Our review of this record indicates that there was more than sufficient evidence, totally unrelated to any search, for the jury to convict appellant of possessing and operating the still in question.
Further, the agent’s testimony concerning the tractor and its prior use in the operation of the still, and the propane gas tank and its prior use in relation to the still, and the fact that both were indeed in plain view in defendant’s yard was all obviously admissible.

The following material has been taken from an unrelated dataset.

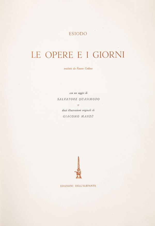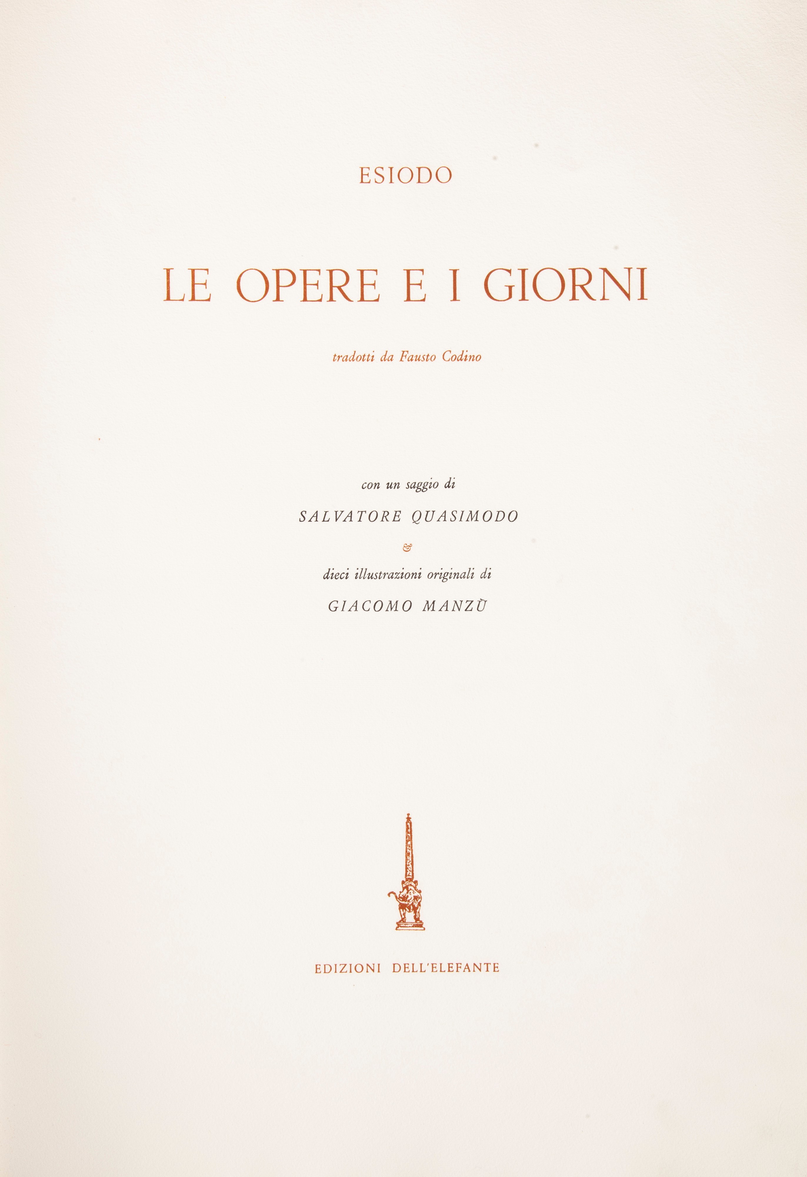 Esiodo - Le opere e i giorni. Con un saggio di Salvatore Quasimodo. Con dieci illustrazioni originali di Giacomo Manzù., Edizioni dell' Elefante, Roma 1966
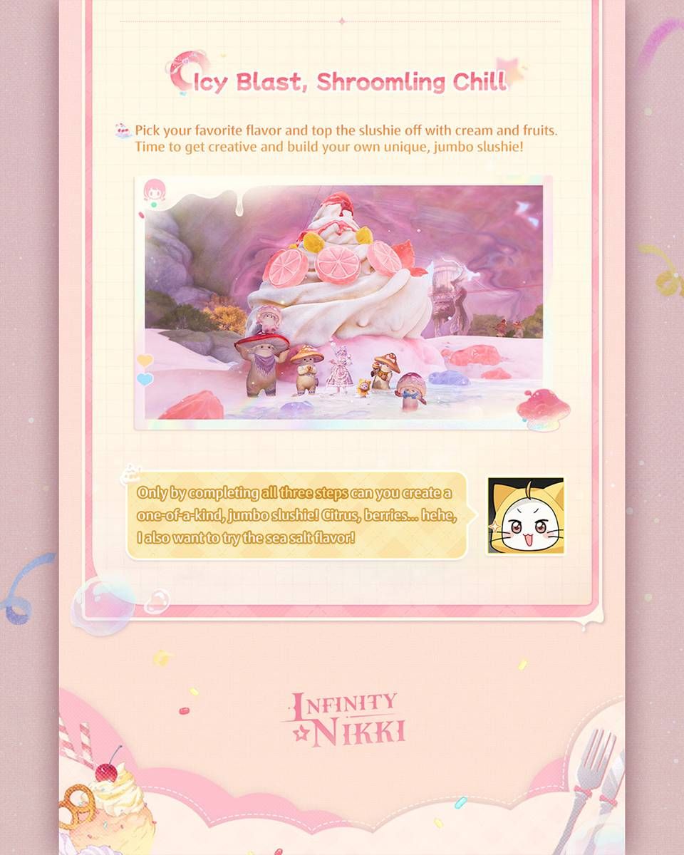 ในช่วงกิจกรรม เหล่าสไตลิสต์สามารถไปที่ Perfect Idol: Champion’s Celebration และพูดคุยกับ Eltott บริเวณข้าง zipline เพื่อเริ่มต้นความท้าทาย เล่นกิจกรรมเพื่อรับ Diamonds, วัสดุพัฒนาต่าง ๆ และรางวัลอื่น ๆ อีกมากมาย - กิจกรรม: Icy Blast, Shroomling Chill

Although no government appeal is brought to us from the District Court’s invalidation of the search warrant, we observe that nothing in this record indicates any possibility of prejudice arising from the error in dating of the affidavit for the search warrant, nor (in the absence of briefing on this point) is there any explanation tendered for it except typographical error. Under these circumstances normally we would be inclined to apply the “commonsense and realistic” rule of United States v. Ventresca, 380 U.S. 102, 108, 85 S.Ct. 741, 13 L.Ed.2d 684 (1965).
Since, however, this issue is not brought to us, we examine the record with the assumption that the search warrant was invalid and find real difficulty in holding that the agent’s testimony concerning the existence of the initials on the gas tank and the tractor at the time he examined both in defendant’s yard, could be justified under the “plain view” theory. In one instance he had to move the equipment; in the other instance he had to look underneath the tractor.
We are convinced, however, that on the total facts of this case, the admission of the testimony pertaining to the existence of the initials on the pieces of equipment (which were already identified as being in defendant’s yard after they had been seen at the site of the still operation) was only a small bit of cumulative evidence of guilt. On this whole record we can say beyond reasonable doubt that if the admission of this evidence was error, it was harmless. Fed.R.Crim.P. 52(a); Chapman v. California, 386 U.S. 18, 87 S.Ct. 824, 17 L. Ed.2d 705 (1967).
The judgment of the District Court is affirmed.

Question: What is the total number of appellants in the case that fall into the category "natural persons"? Answer with a number.